━━━━━ EXTRACTED MATERIAL ━━━━━

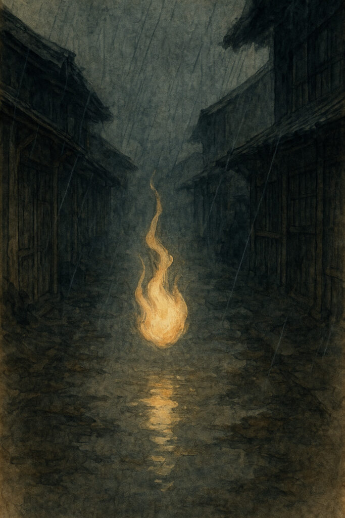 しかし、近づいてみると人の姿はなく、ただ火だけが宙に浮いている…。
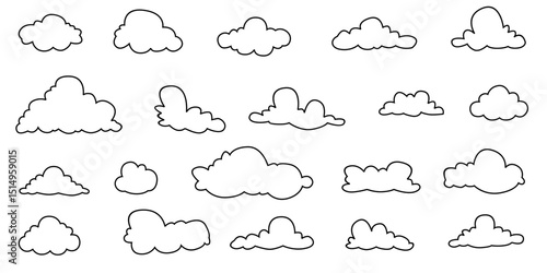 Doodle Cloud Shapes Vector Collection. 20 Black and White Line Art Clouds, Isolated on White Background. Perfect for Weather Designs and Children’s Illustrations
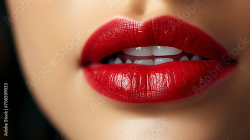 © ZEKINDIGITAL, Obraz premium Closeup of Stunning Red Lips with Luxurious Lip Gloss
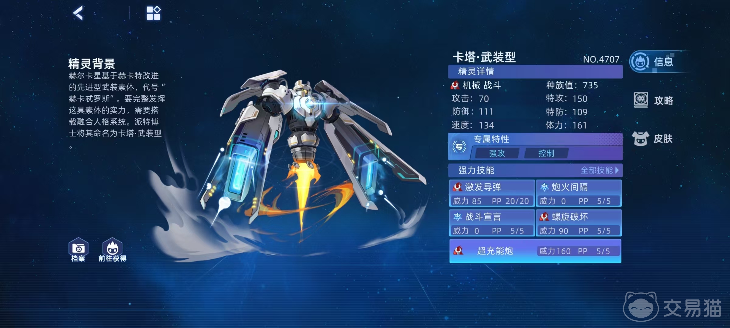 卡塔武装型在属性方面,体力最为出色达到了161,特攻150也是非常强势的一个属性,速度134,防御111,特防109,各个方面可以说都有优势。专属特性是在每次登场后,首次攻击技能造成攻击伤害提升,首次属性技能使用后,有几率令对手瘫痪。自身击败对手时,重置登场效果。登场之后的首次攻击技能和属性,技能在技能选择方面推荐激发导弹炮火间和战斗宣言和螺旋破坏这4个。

━━━━━
━━━━━ EXTRACTED MATERIAL ━━━━━

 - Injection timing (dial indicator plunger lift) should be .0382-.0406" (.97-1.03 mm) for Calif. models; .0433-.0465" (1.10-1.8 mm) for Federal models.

━━━━━

* _DESCRIPTION OF THE TASK_
Respond with the exact lines above running from the one containing "Doodle Cloud Shapes" to the one containing "卡塔武装型在属性方面,体力最", both ends kept and no pictures included.

* _PROBLEM SOLUTION_
 Doodle Cloud Shapes Vector Collection. 20 Black and White Line Art Clouds, Isolated on White Background. Perfect for Weather Designs and Children’s Illustrations
 © ZEKINDIGITAL, Obraz premium Closeup of Stunning Red Lips with Luxurious Lip Gloss
 卡塔武装型在属性方面,体力最为出色达到了161,特攻150也是非常强势的一个属性,速度134,防御111,特防109,各个方面可以说都有优势。专属特性是在每次登场后,首次攻击技能造成攻击伤害提升,首次属性技能使用后,有几率令对手瘫痪。自身击败对手时,重置登场效果。登场之后的首次攻击技能和属性,技能在技能选择方面推荐激发导弹炮火间和战斗宣言和螺旋破坏这4个。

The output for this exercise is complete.